Our Personal Renaissance

No issue of New Orleans Magazine ever faced as many
obstacles as the November 2005 edition. For instance:
• There was no house-to-house mail delivery in New Orleans.
• There were few retail outlets open to sell magazines.
• There were hardly any advertisers back in business and those that were were not ready to be advertising.
• And, most of all, there were no people.

We were publishing a magazine to an empty city without a way of distributing the copies.

Nevertheless, we persisted because the preceding month, October 2005, we had not published at all, being too busy trying to find each other. Our September issue, published a week or so before Katrina, had arrived about the same time that the hurricane was approaching and was transformed into wet blobs. So by November we felt a need to make a statement, even if no one would hear it.

Editorially, we also faced a major problem: We had no content. Our writers were scattered, so too were our files.

There was one certainty: What we wanted the cover to be. The copy was already resonating in my mind: AND NOW THE RENAISSANCE.
A photographer got around police lines to shoot what proved to be a beautiful close-up shot of the Joan of Arc statue in the French Quarter. I had admired the look of defiance on her face and the emphasis given by her right arm lunging a flag. It was a strong image.
We did not realize just how much so.

In January 2006, the magazine underwent a sudden ownership change, in effect a buyout by some senior employees and a partner in the former ownership. No one really knew much about the city’s future that month, but people took chances because it was one of those times to lunge the flag. There would be many difficult decisions ahead, but one question took only a few seconds to answer: What to call the company?
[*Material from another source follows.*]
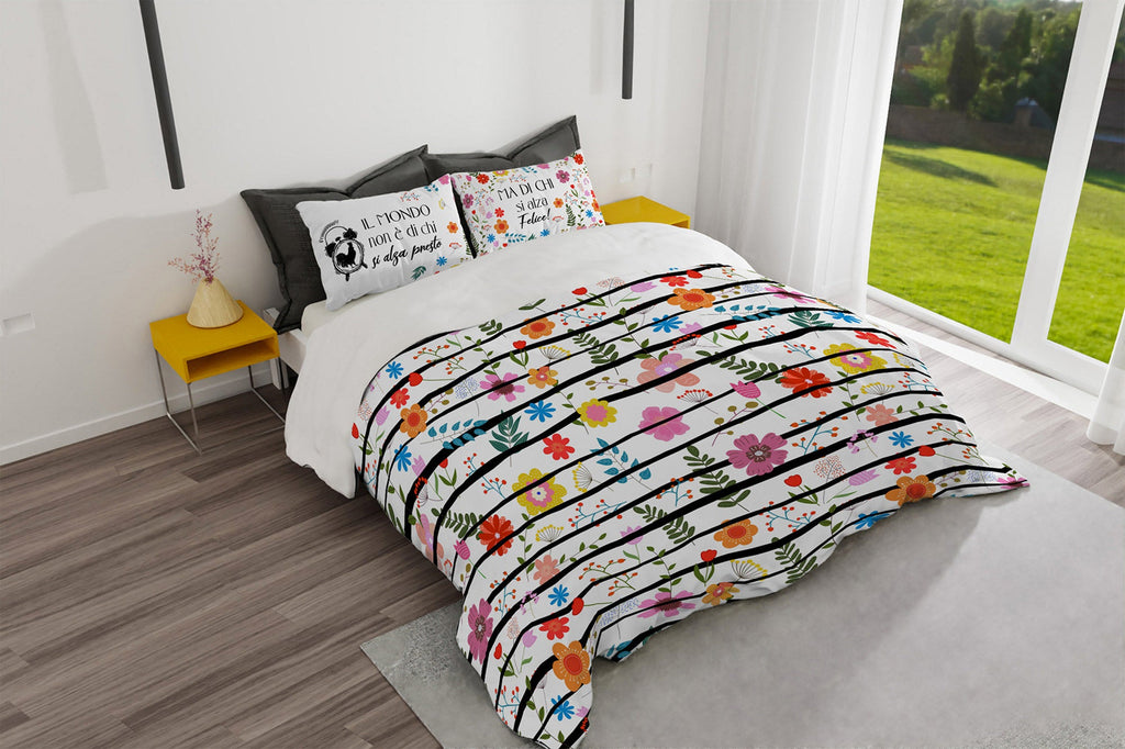 Shine Bettbezug-Set mit Digitaldruck. Artikel mit Bettbezug und Kissenbezügen aus 100 % Baumwolle, mit leuchtenden und einfarbigen Farben beim Waschen. Artikel hergestellt in Italien.

Renaissance Publishing, of course. Joan, the Maid d’Orleans, would be the symbol of our personal recovery. Though hardly anyone saw the November issue, at least it had left its legacy.

Everyone has a Katrina story and they’re all good. The problem is there are a million of them. Allow us this one, please. In September of that year a local musician named Harry Mayronne had evacuated to Birmingham with family. One day, feeling particularly bored, he went to a local bookstore. Having worked his way to the back racks he was suddenly stunned by what he saw: that month’s issue of New Orleans Magazine. What was really surprising though was that he was on the cover, and he hadn’t known it. That was our annual People to Watch issue, and Mayronne was one of the honorees. We had not had a chance to tell him about the selection before we evacuated. That copy in Birmingham may have been one of the few non-soggy issues.

Next year, October 2016, New Orleans Magazine will celebrate its 50th anniversary. May it never miss publishing another issue. We feel confident. The levees are stronger; and we have Joan at our side.